In this report, authors presented virtual stencil for patterning using a microfluidics system. After carefully read and evaluated the manuscript, I recommended the manuscript should be Rejected because of some reasons below:   

1. The authors claimed that they reported using EWOD device for virtual stencil, but actually, they were using a DEP system. This is very confusing to readers.
2. The introduction section was generally poor in writing without logical and guiding readers to what they want to cover in their manuscript. For example, Paragraphs 1 and 2 of the Introduction section were off the topic.
3. Data presentation and figure preparation were not well organized. For example, some letters and language presented in the figure are inappropriate to read (Ex: Fig. 4). The authors tried to show too much data in the figures that make it is not concise.
4. A similar work had been reported at AIP Advances 10, 125115 (2020); doi: 10.1063/5.0012684.

Author Response

See attachment. 

Author Response File: Author Response.pdf

Reviewer 3 Report

The authors have done a wonderful job of presenting a well-controlled experimental system using a combination of parallel plate EWOD and open face EWOD for layer-by-layer fabrication of colloidal/UV curable photopolymers. The authors have described the fabrication methods in detail. The figures are well laid out and reasonably professional but require some modification for legibility.
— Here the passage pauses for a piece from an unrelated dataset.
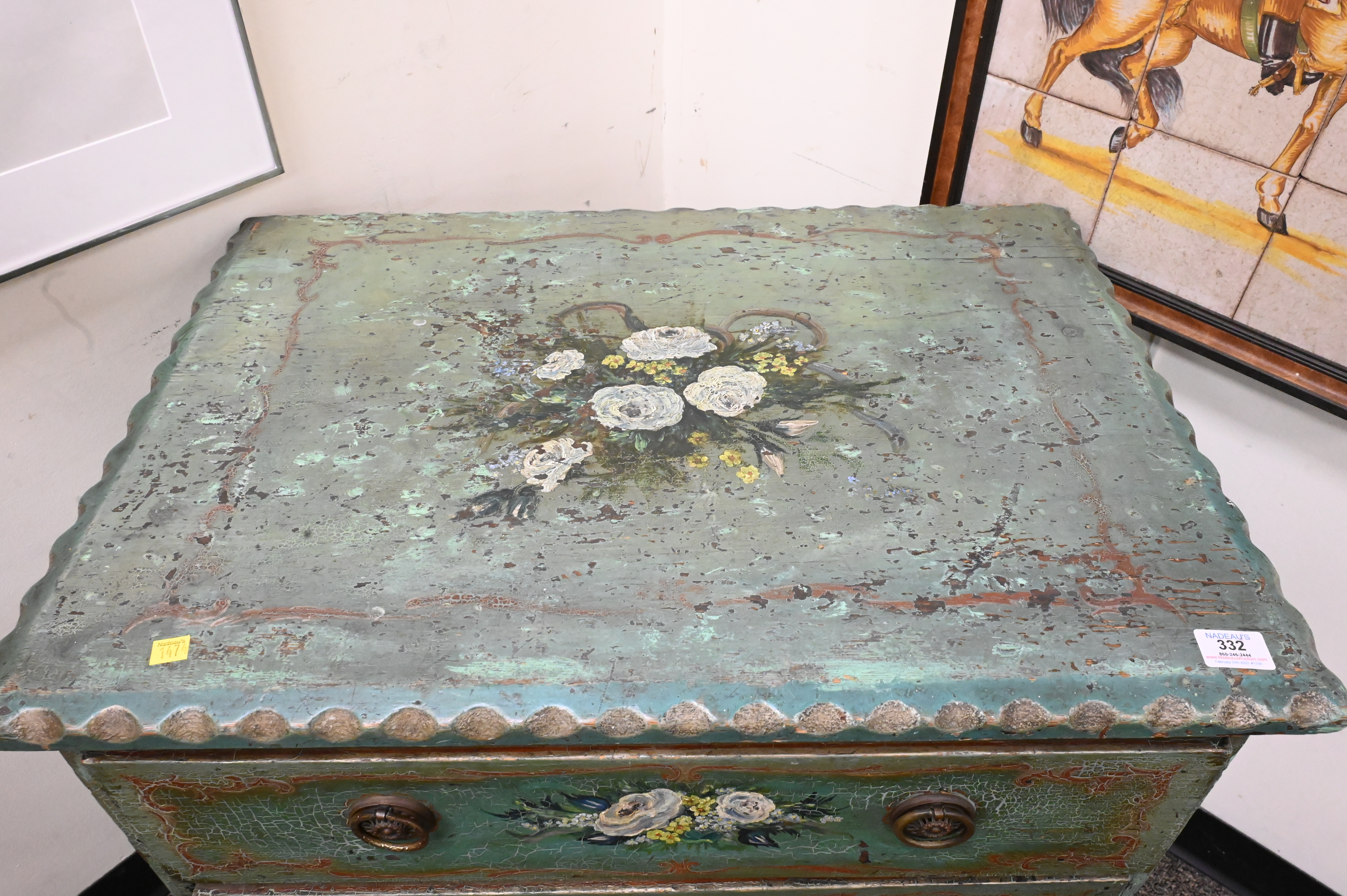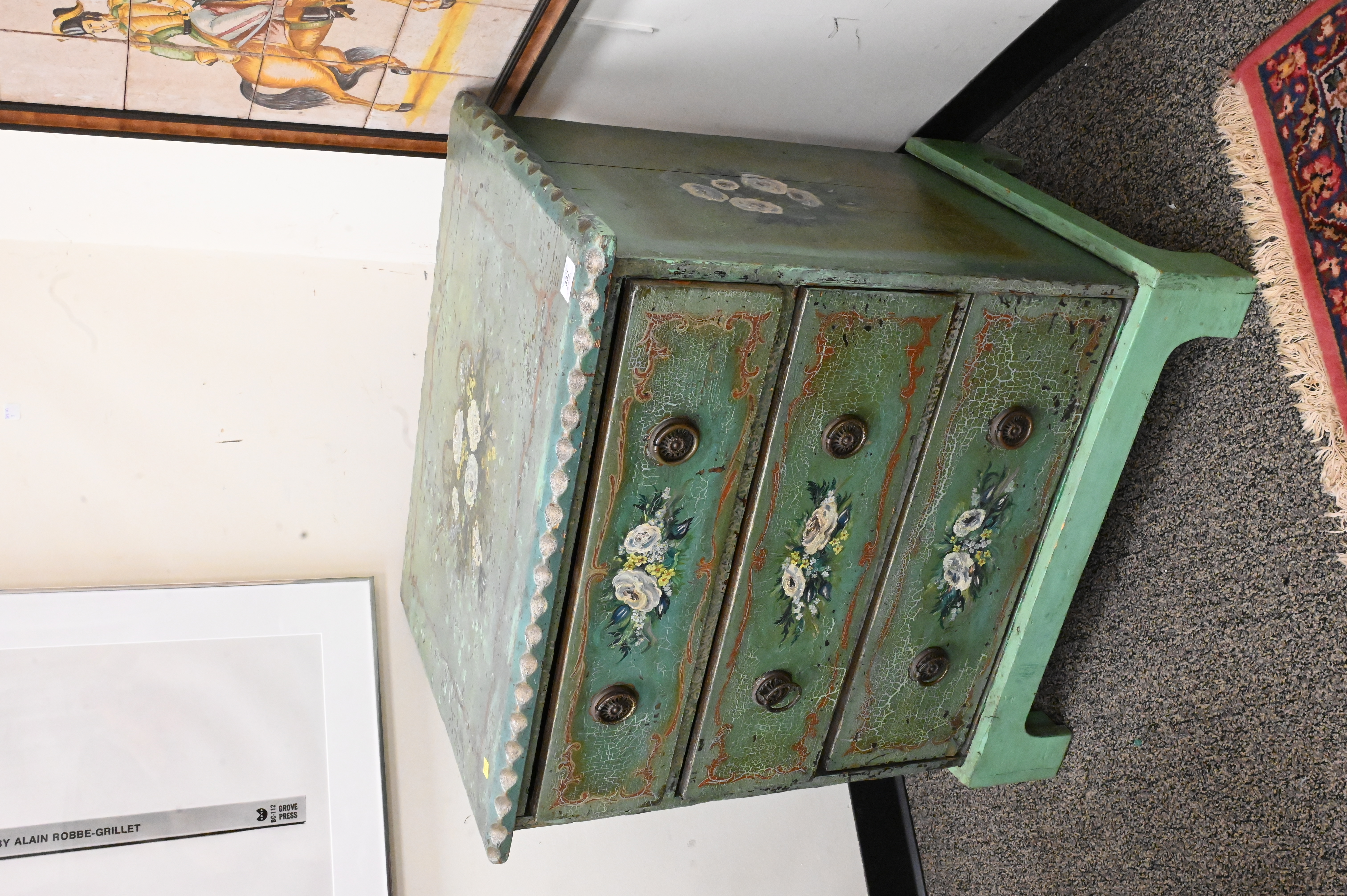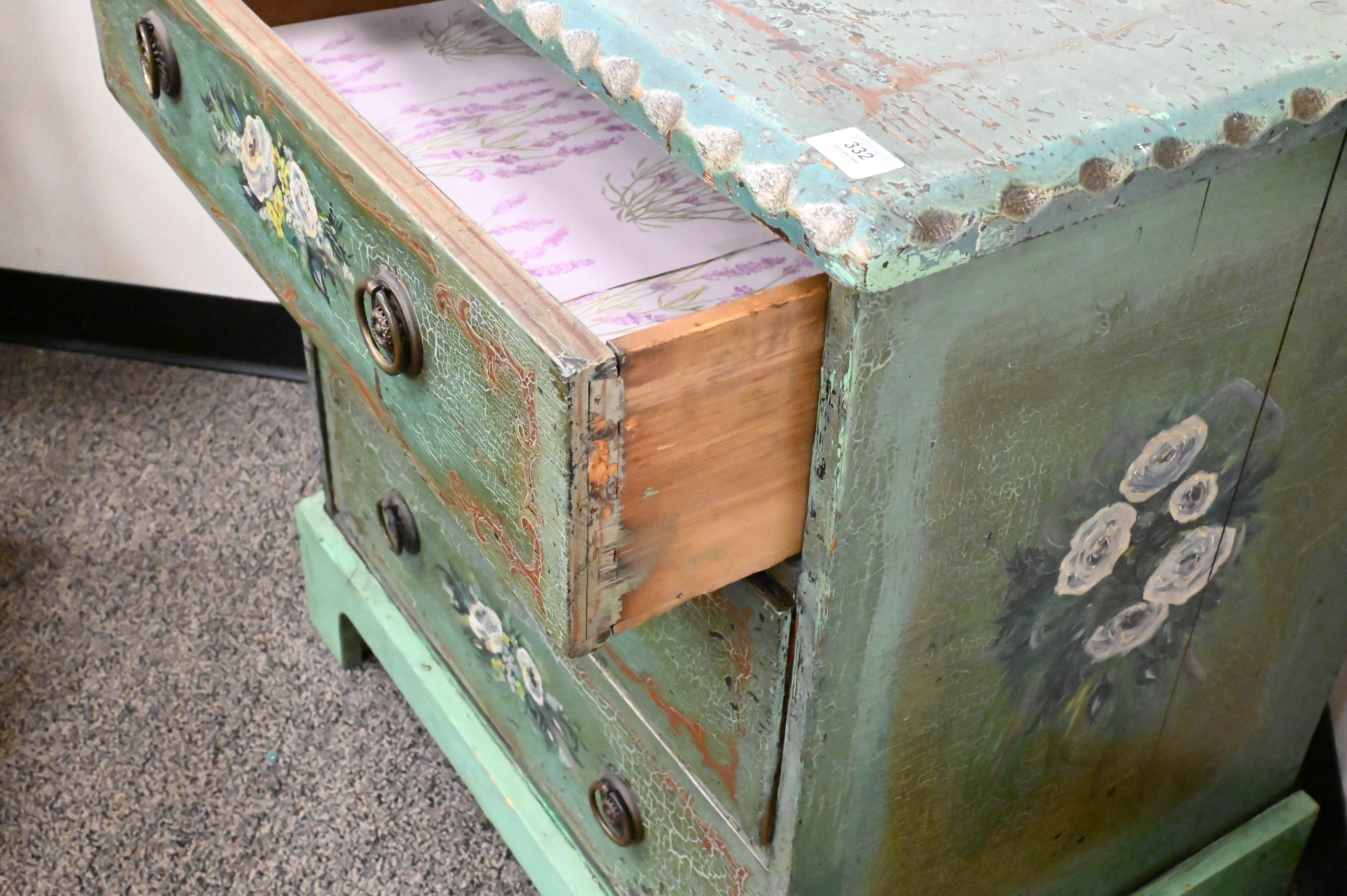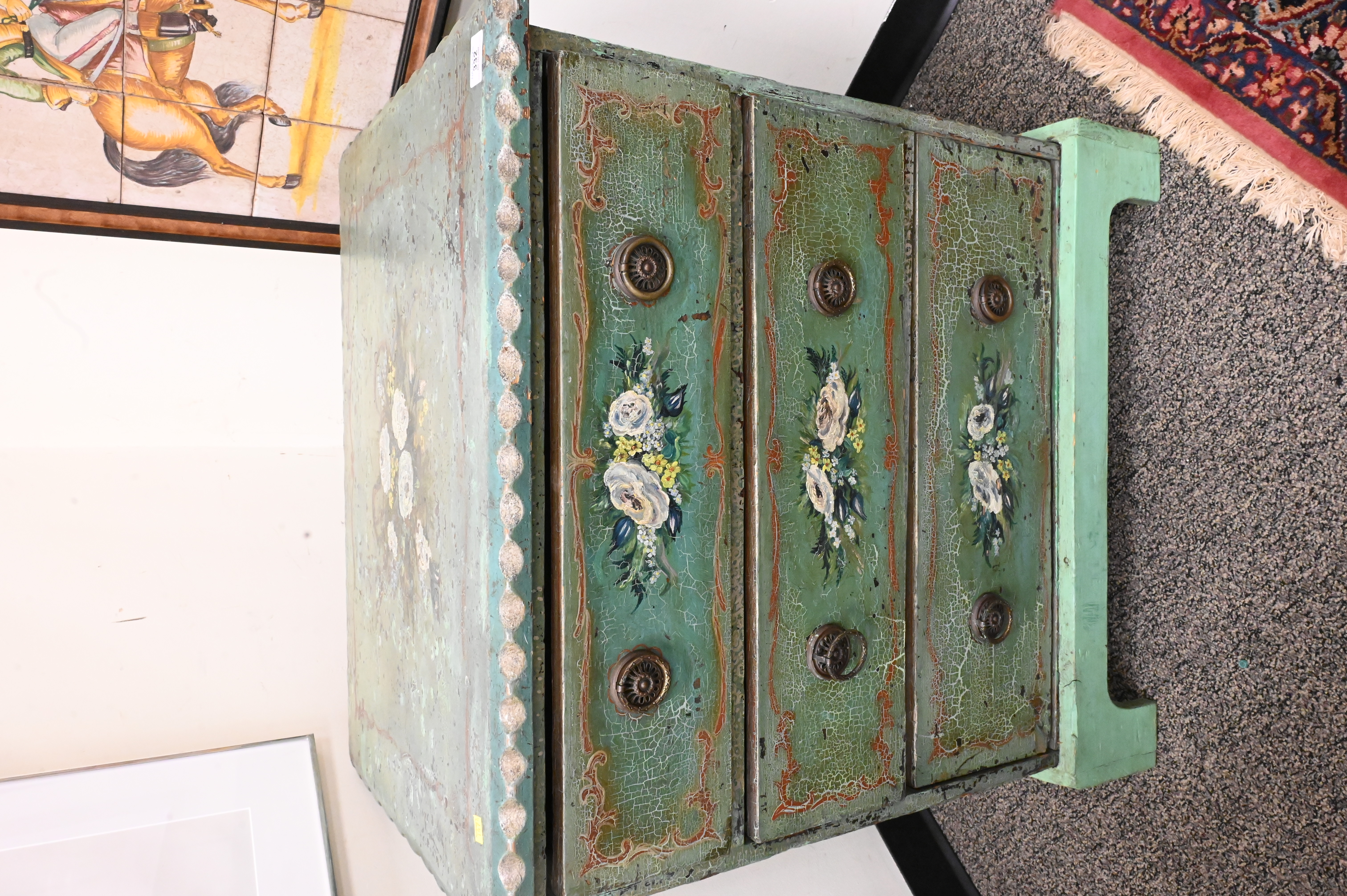 Paint Decorated Pine Chest, having three drawers, height 32 inches, top 21″ x 30″.

The introduction details the prior work and background of the technologies used. The authors promise to address challenges in fabricating molds that are expensive to fabricate and rapidly damaged during printing processes. As such their hope is to rapidly fabricate molds by demonstrating the principal idea of layer-by-layer 3D printing using an EWOD. After the introduction the manuscript describes the fabrication process of the system and alludes to prior work for specific details on modeling the performance of individual EWODs. It is noted that no theoretical or engineering basis is provided for the experiments shown. 

Characterization of the device appears to be a thorough optimization at the length scales used. The key contribution may be the combined use of a parallel plate EWOD and an EWOD used in an open frame system. This enables subsequent layers near the electrode to be formed in a layer-by-layer fashion. Each parameter is iterated including gap height, voltage, frequency, number of electrodes (by type) to generate A-Z. Generally, fewer electrodes enabled more accurate and faster response. The results appear valid and accurate. They are also mostly straightforward to understand and interpret.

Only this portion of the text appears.